Ms. Ward: And the conclusion is the same.
Dr. Garrison: It’s the same. He only found the same five trials: MAPEC, Hygia, TIME, BedMed, and BedMed-Frail. Combining them all together, the CIs still span 1.0, so it didn’t end up being significant. But he also analyzed TIME and the BedMed trials separately — again suggesting that those trials showed no benefit.
Ms. Ward: There was a TIME substudy of night owls vs early risers or morning people, and there was a hint (or whatever you should say for a subanalysis of a neutral trial) that timing might make a difference there.
Dr. Garrison: They recently published, I guess it is a substudy, where they looked at people’s chronotype according to whether you consider yourself an early bird or a night owl. Their assessment was more detailed. They reported that if people were tending toward being early birds and they took their blood pressure medicine in the morning, or if they were night owls and they took it in the evening, that they tended to have statistically significantly better outcomes than the opposite timing.

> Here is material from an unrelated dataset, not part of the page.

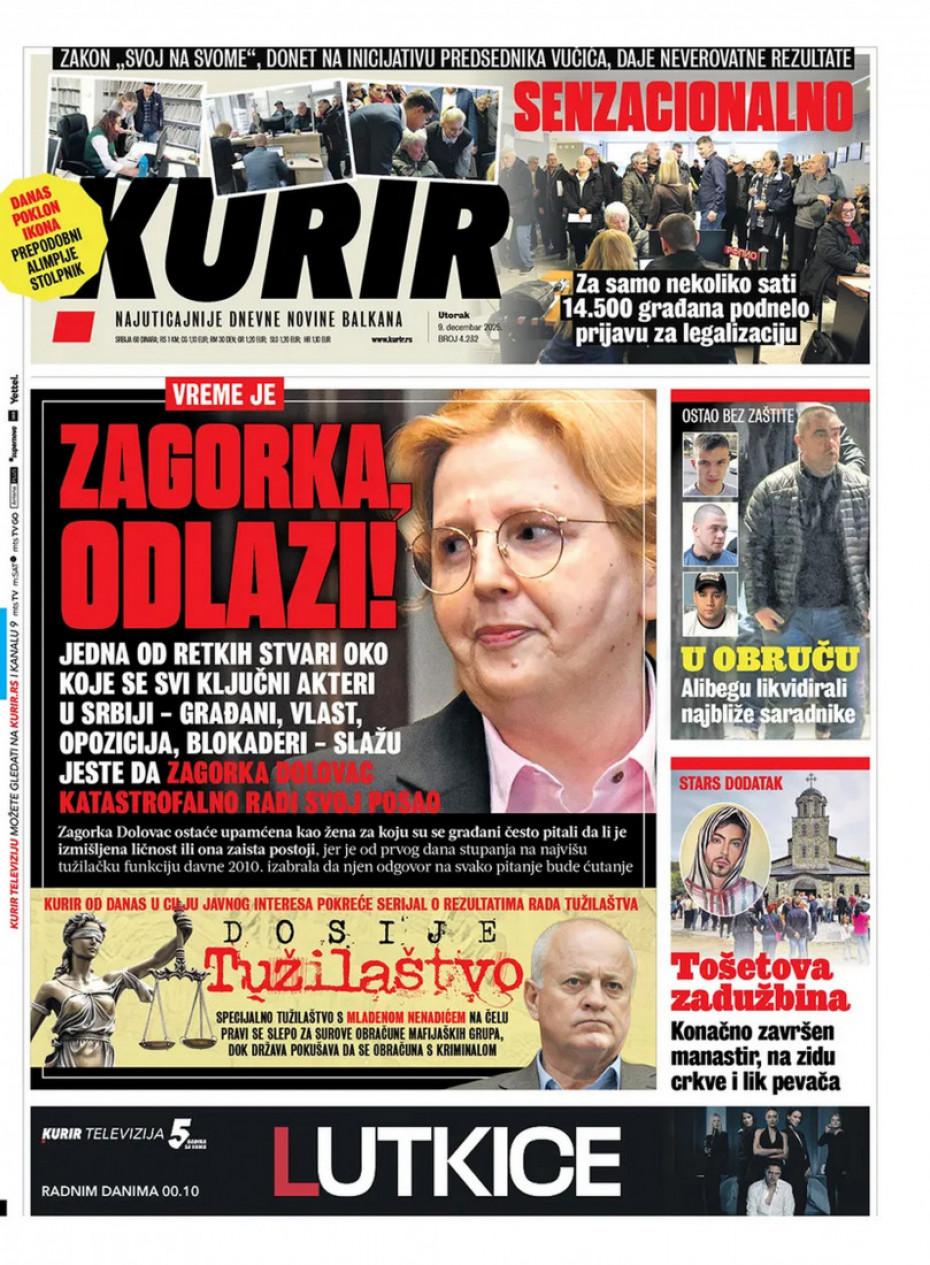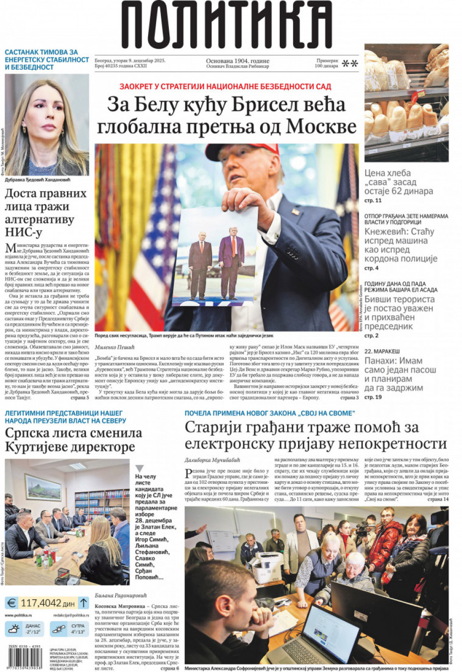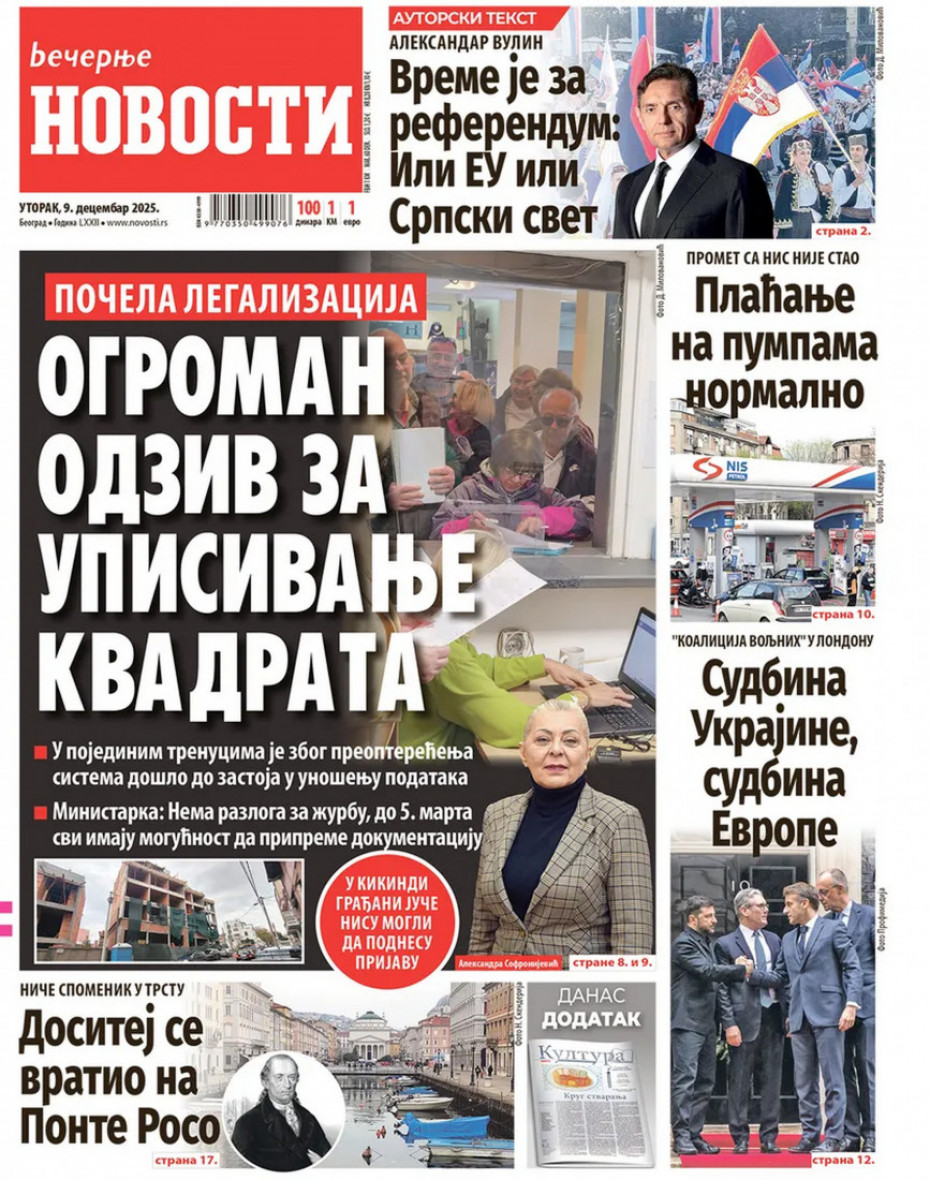 Pogledajte šta na naslovnim stranama donose dnevne novine u Srbiji u izdanju za utorak, 9. decembar
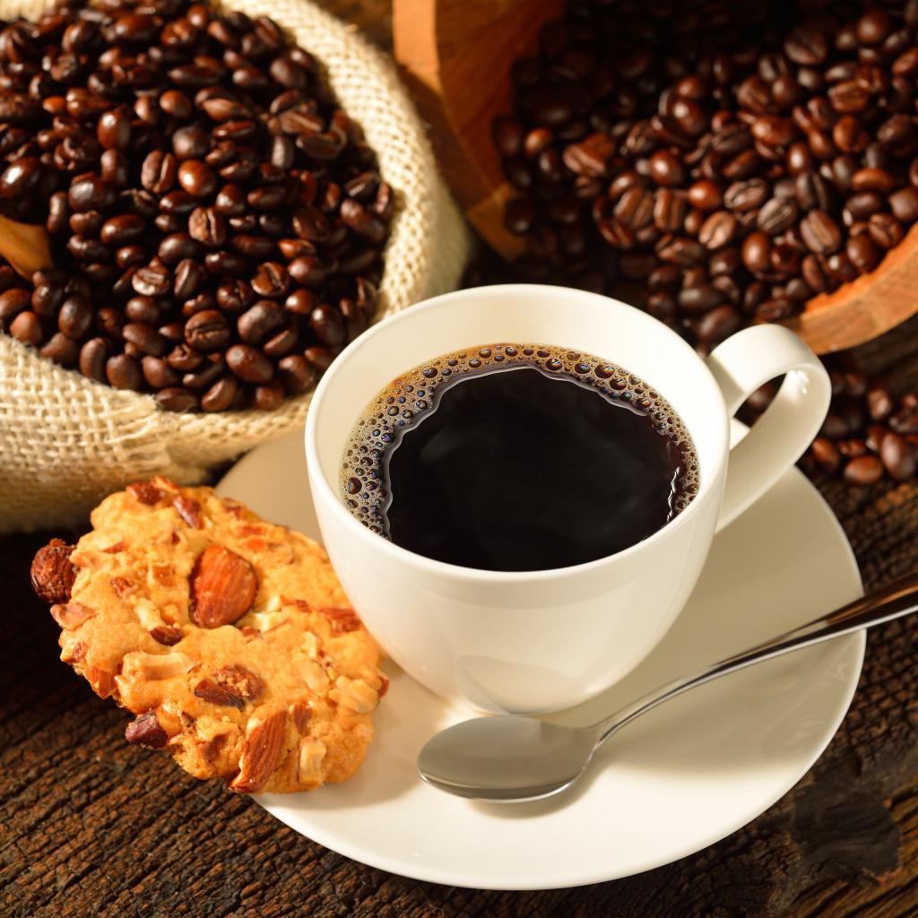 Обои Кофейные зерна на столе с белой чашкой и печеньем

In that analysis, they were only looking at nonfatal myocardial infarction and nonfatal stroke.
We did ask something that was related. We asked people: “Do we consider yourself more of an early bird or a night owl?” So we do have those data. For what I presented at ESC, we just looked at the primary outcome; we did subgroups according to early bird, night owl, and neither, and that was not statistically significant. It didn’t rule it out. There were some trends in the direction that the TIME group were suggesting. We do intend to do a closer look at that.
But, you know, they call these “late-breaking trials,” and it really was in our case. We didn’t get the last of our data from the last province until the end of June, so we still are finishing up the analysis of the chronotype portion — so more to come in another month or so.